Getting a program that determines whether a set of 4 numbers is solvable is easy, as there are only as many possible combinations as 4 numbers can form. Even a simple brute-force search won’t take long to determine the solution. So I will go through the search algorithm and see how much improvement can be made.
Searching for answers
Obviously it’s not going to be a good idea to enumerate all the arrangements and search by filling in the numbers, so we’re going to think about this from bottom-up.
Starting from two numbers, it’s easy to enumerate all 4 arithmetic operators for a?b
and b?a
, with addition and multiplication being commutative (i.e. a+b
and b+a
are identical), resulting in a total of 6 operations.

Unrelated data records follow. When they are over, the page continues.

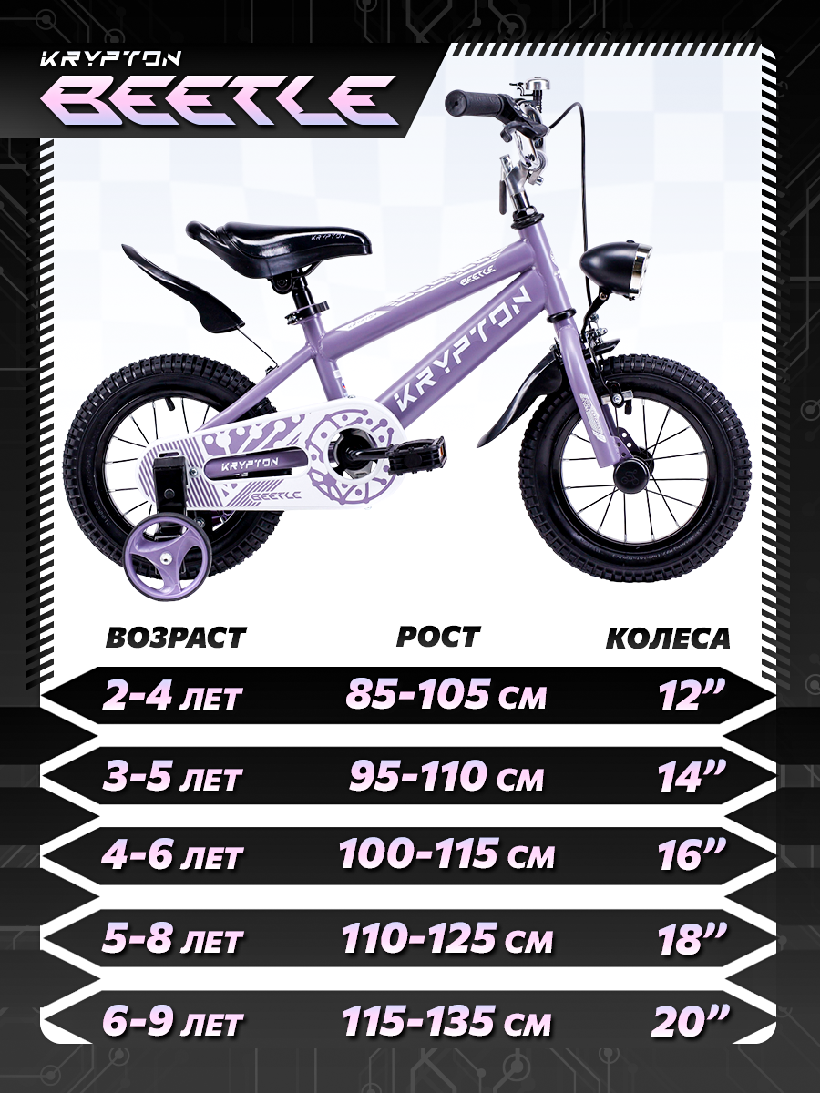 Велосипед детский двухколесный 12" Krypton Beetle цвет Dark Violet / на 2-4 года, рост 85-105 см интересное:
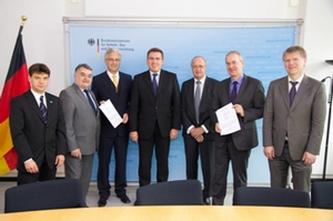 Vertragsunterzeichnung zwischen der PD und dem TÜV Hessen (v.l.n.r.): Jürgen Bruder (TÜV Hessen), Herbert Reul (MdEP), Reiner Block (TÜV Hessen), Parlamentarischer Staatssekretär Jan Mücke (BMVBS), Rolf-Dieter Schacht (TÜV Hessen), Dr. Johannes Schuy (Partnerschaften Deutschland), Karl-Heinz Heller (Partnerschaften Deutschland); |
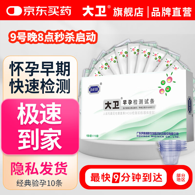 大卫 验孕棒早早孕试纸10条 快速验孕高精准测怀孕高灵敏 含尿杯
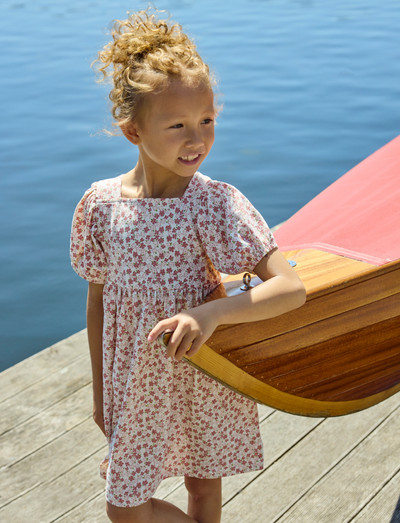 Short-sleeved dress from Minymo. The dress has an all-over print. It has a square neckline and puff sleeves. Made with certified organic cotton. Certified acc. to GOTS - organic CERES-0366
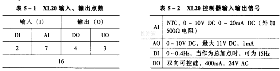 XL20有固定的輸入、輸出配置。其輸入、輸出點數及信號種類分別見表5-1,表5-2。
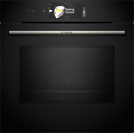 Духовой шкаф Bosch HMG778NB1 в черном оттенке с фурнитурой из нержавеющей стали отражает стремление к лаконичности и практичности: строгие линии, минималистичная фронтальная панель и аккуратная интеграция элементов управления создают презентабельный ансамбль, который легко вписывается в интерьер самой разной концепции. Неброский, но выразительный дизайн подчеркивается 2.5″ цветным TFT-дисплеем с сенсорными кнопками, где интуитивные иконки и цветовая индикация упрощают навигацию по обширному набору функций и режимов. Переключатель Control Ring обеспечивает тактильный отклик при выборе параметров, а электронное управление придает интерфейсу современную точность: команды выполняются быстро, отклик детализирован и предсказуем.
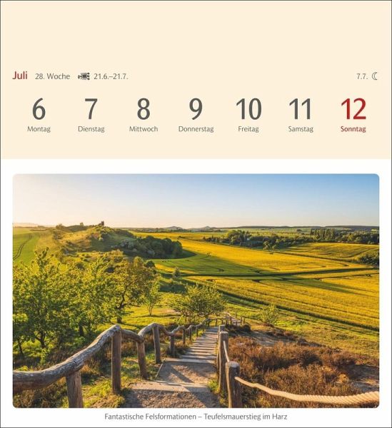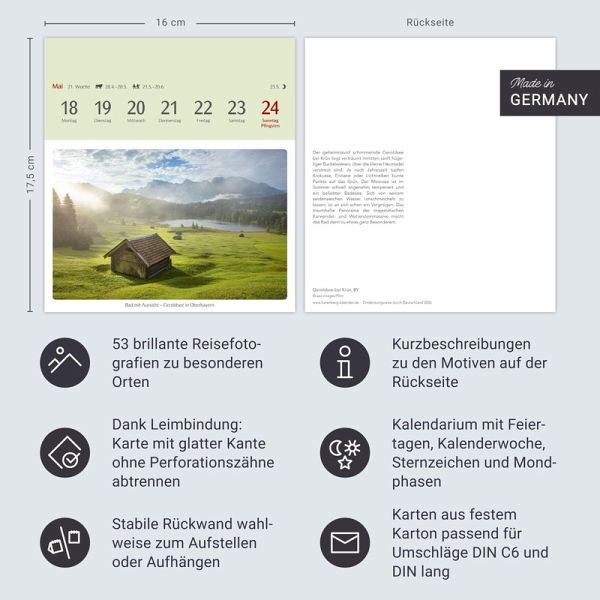 - Ein dekorativer Kalender mit Postkarten der stimmungsvollsten Orte Deutschlands: Schmückt jeden Tisch und jede Wand!- Unsere Heimat von ihrer schönsten Seite: Wochen-Tischkalender zum Aufstellen oder Aufhängen- Deutschland entdecken: Hübsche Städtchen und malerische Landschaften in einem kleinen Kalender im Postkartenformat- Glücksorte aus ganz Deutschland: Tischkalender mit 53 heraustrennbaren Postkarten im Format 16 x 17,5 cm zum Versenden und Verschenken- Hochwertige Landschaftskalender für Reise-Liebhaber: Fotokalender von Harenberg aus dem Athesia Kalenderverlag

Taking this to a three-number setup. We can reduce it to the two-number case by picking two of the numbers and applying an operation. This can be generalized to an arbitrary number of inputs. As long as we’re cutting down a number at every recursion, we’ll eventually cover all possible combinations of all inputs and come to a conclusion.
With only one input number, we compare it with our search target to see if it’s an answer we want. One little note here is that 0.1 + 0.2 != 0.3
, so floating-point number equality must be handled with caution.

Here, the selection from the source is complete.